I don’t know what Kiwi was doing for clean clothing during that period; for months my sister and I had been spraying our undershirts and shorts with Mom’s perfume. A strong rose scent. It was in a heart-shaped bottle beveled in tiny gold and pink hexagons with a black rubber pump. It was the fanciest thing in our house by a big margin — tinted and glamorous, foreign enough to feel a little sinister. (We thought of it as an ancient formula; it was a scent called Fox, discontinued in the early 1970s.) Ossie and I had worked out a rationing system: two pumps, per sister, per day. We were using Mom up, I worried, and for some reason that fear made me want to spray on more and more. The perfume worked like a liquid clock for us: half a bottle drained to a quarter, that was winter.
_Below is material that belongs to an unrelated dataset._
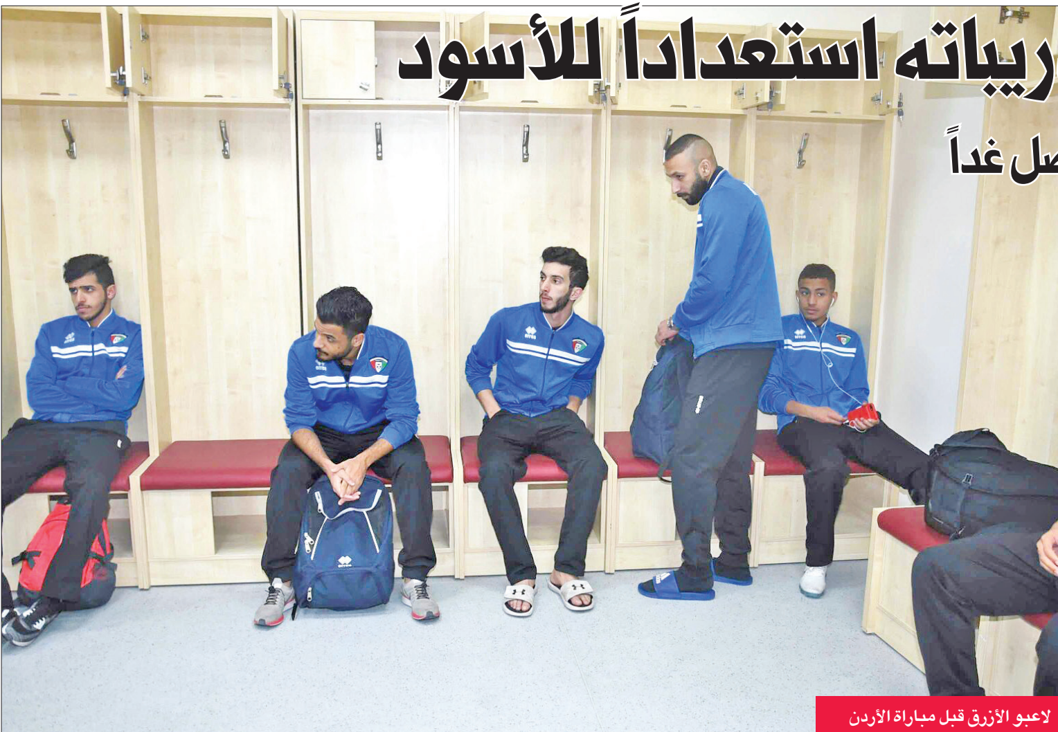
لاعبو الأزرق قبل مباراة الأردن

Both my parents had denied that my mother’s illness was serious, not just our father. They claimed that she was getting better right up until the moment that she left for the hospice. Dr. Gautman, her oncologist, was the first to show my brother and sister and me “the chart,” to say “T3c” to us, and to translate this alphanumeric code into the frightening coda of “your mother’s final days.” Dr. Gautman gave us plastic glasses of water with lemon from the nurses’ station before he broke the news to us: “The Malig-Nancy has spread beyond her, ah, her ovaries, I’m afraid …”
And into your mother’s liver, and to the pleural fluid of her lungs . As a kid I heard the word malignancy as “Malig-Nancy,” like an evil woman’s name, no matter how many times Kiwi and the Chief and Dr. Gautman himself corrected me. Our mother had mistaken her first symptoms for a pregnancy, and so I still pictured the Malig-Nancy as a baby, a tiny, eyeless fist of a sister, killing her.
“Nobody is going to a Loomis school . We are not abandoning your mother’s dream here, do you understand that? We are the Bigtree Tribe, son, and we have a business to run …”
Meanwhile the list beneath Carnival Darwinism kept growing:
ADAPTATION 1: INVEST IN SALTWATER CROCS
ADAPTATION 2: WE BECOME AMPHIBIOUS — NEW WET-SUIT COSTUMES FOR THE GIRLS? SCUBA WITH THE SETHS?
ADAPTATION 3: MODERNIZE THE GATOR PIT — ILLUMINATED DIVING BOARD, BUBBLE JETS
The Chief pulled out a booklet of photographs of the saltwater crocs he was interested in acquiring: horned and sad-looking, these crocs did not seem like gods of the Nile. They resembled partially deflated tires. The seller was a retired breeder in Myrtle City, South Carolina, who wanted twenty-five thousand dollars for them. Kiwi flipped the booklet over without looking at it.